An algorithm that takes in an 3n*3n-sized board with n² symbols to fit in it would indeed have a big-O > 1, the argument is that because the data is always 9*9 with 9 symbols makes it O(1). It's important to consider that big-O is *often* a terrible metric to look at as a programmer since it ignores scalars and constants. If your algorithm has a sleep(1e9) in it and then returns true then it's O(1) whereas an algorithm that performs a countdown from n to 0 before returning true would be O(n). So if you only care about big-O then you'd pick O(1) and wind up with a program that soft locks for over 11 days before returning.

When talking about complexity, one usually means "in the worst case". Big O describes an upper bound, which might be the worst case, the average case or something else. Saying "The average running time of Quicksort is O(n^2)" is technically correct, although misleading because the bound is not tight. Even O(n^3) would be correct. For a tight bound, it's best to use Big Theta notation. If you say the (average/worst case) running time is θ(n log n), you mean it's not better or worse than n log n (up to constant factors).

@@sithdev8206 I understood, but i am reffering to wikipedia, that says quick sort has O(n^2) in the worst case and O(nlogn) in the average and best cases. You can't say that quicksort has O(nlogn) in the worst case. So i am a bit confused because of that.

@@Splish_Splash I'm not entirely sure I understood your question. Are you confused about big O notation in general or about the running time of Quicksort in particular? What I can say about big O notation: Many people use it when they are actually mean a tight bound (as in big θ notation). The running times you mentioned are all tight. Regarding Quicksort: The worst case running time is θ(n^2) because there is a small chance of picking lots of really bad pivot elements. But usually (on average) Quicksort is really fast: θ(n log n).

Technically, you're right. Throughout this series, I'm assuming that integer variables take constant space, just as integer operations take constant time. This is a common simplification when analyzing algorithms. Of course, it doesn't make sense in certain scenarios (e.g. most number-theoretic algorithms).

That only matters if you're measuring the complexity by doing it by hand, as in, how much space on paper you need to write on. The program itself would store those variables in the same amount of memory no matter what the size of the array is. So no, it's not log(n), not even technically speaking.
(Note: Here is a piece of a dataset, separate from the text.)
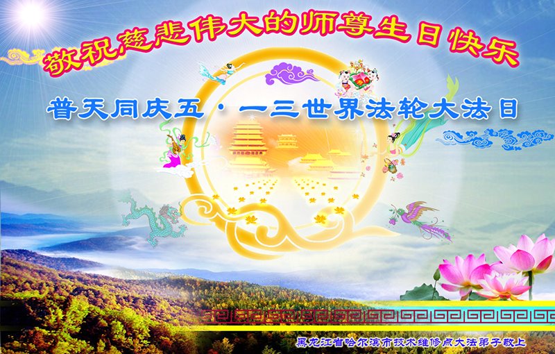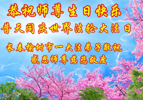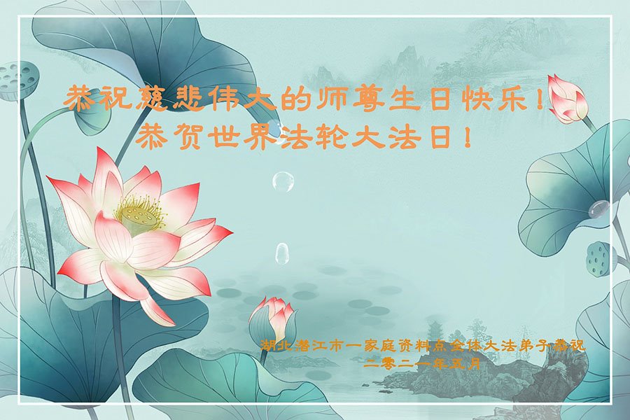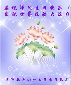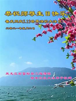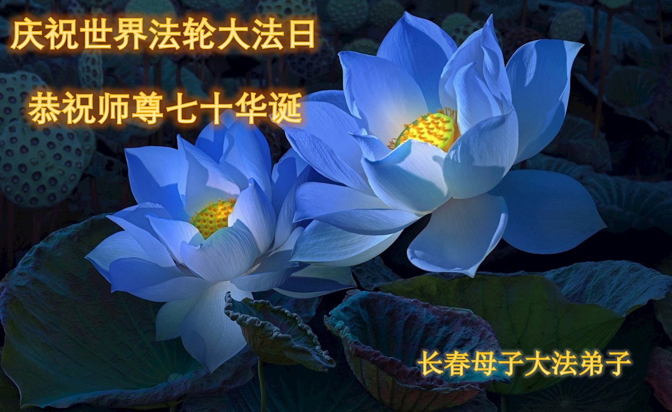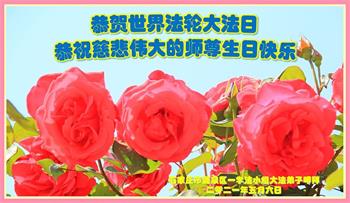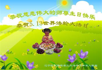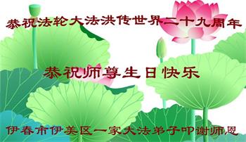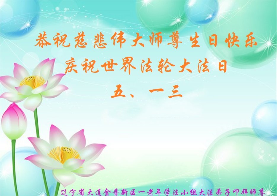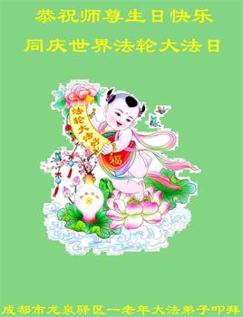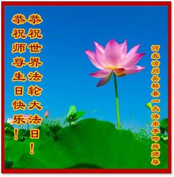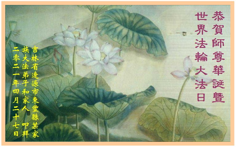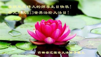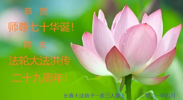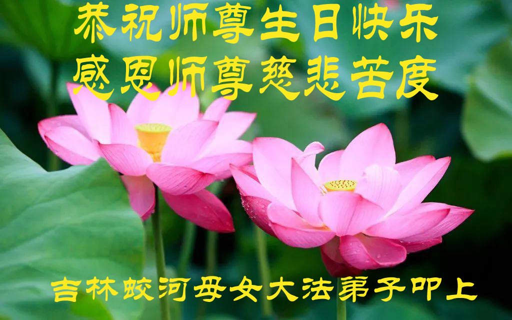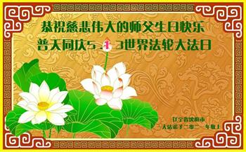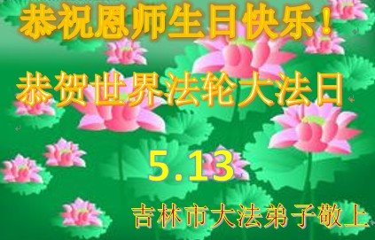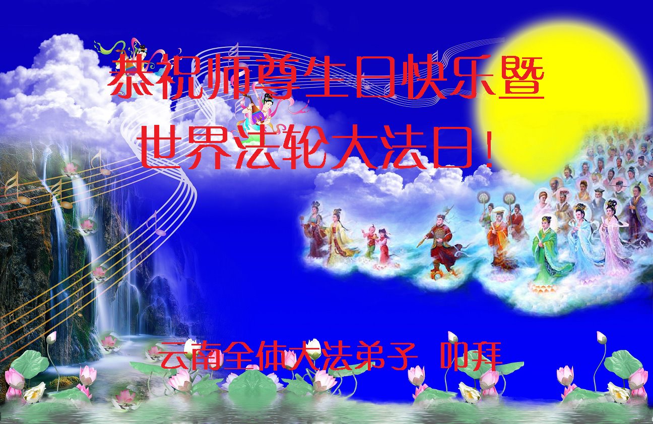 在师尊华诞暨世界法轮大法日来临之际,中国大陆一新学员及家人同修恭祝慈悲伟大的师尊生日快乐!谢谢师尊的慈悲苦度!

That seems to be false: en.wikipedia.org/wiki/Big_O_notation#History_(Bachmann%E2%80%93Landau,_Hardy,_and_Vinogradov_notations) The letter O was chosen by Bachmann to stand for Ordnung, meaning the order of approximation. The big-O originally stands for "order of" ("Ordnung", Bachmann 1894), and is thus a Latin letter. Neither Bachmann nor Landau ever call it "Omicron". The symbol was much later on (1976) viewed by Knuth as a capital omicron, probably in reference to his definition of the symbol Omega.

Also, typesetting it in italic is perfectly fine. C¹ and L¹ are not variables either, but they are typeset in italic. Again from en.wikipedia.org/wiki/Big_O_notation#Typesetting: Big O is typeset as an italicized uppercase "O", as in the following example: $O(n^{2})$. In TeX, it is produced by simply typing O inside math mode. Unlike Greek-named Bachmann-Landau notations, it needs no special symbol. Yet, some authors use the calligraphic variant $\mathcal{O}$ instead.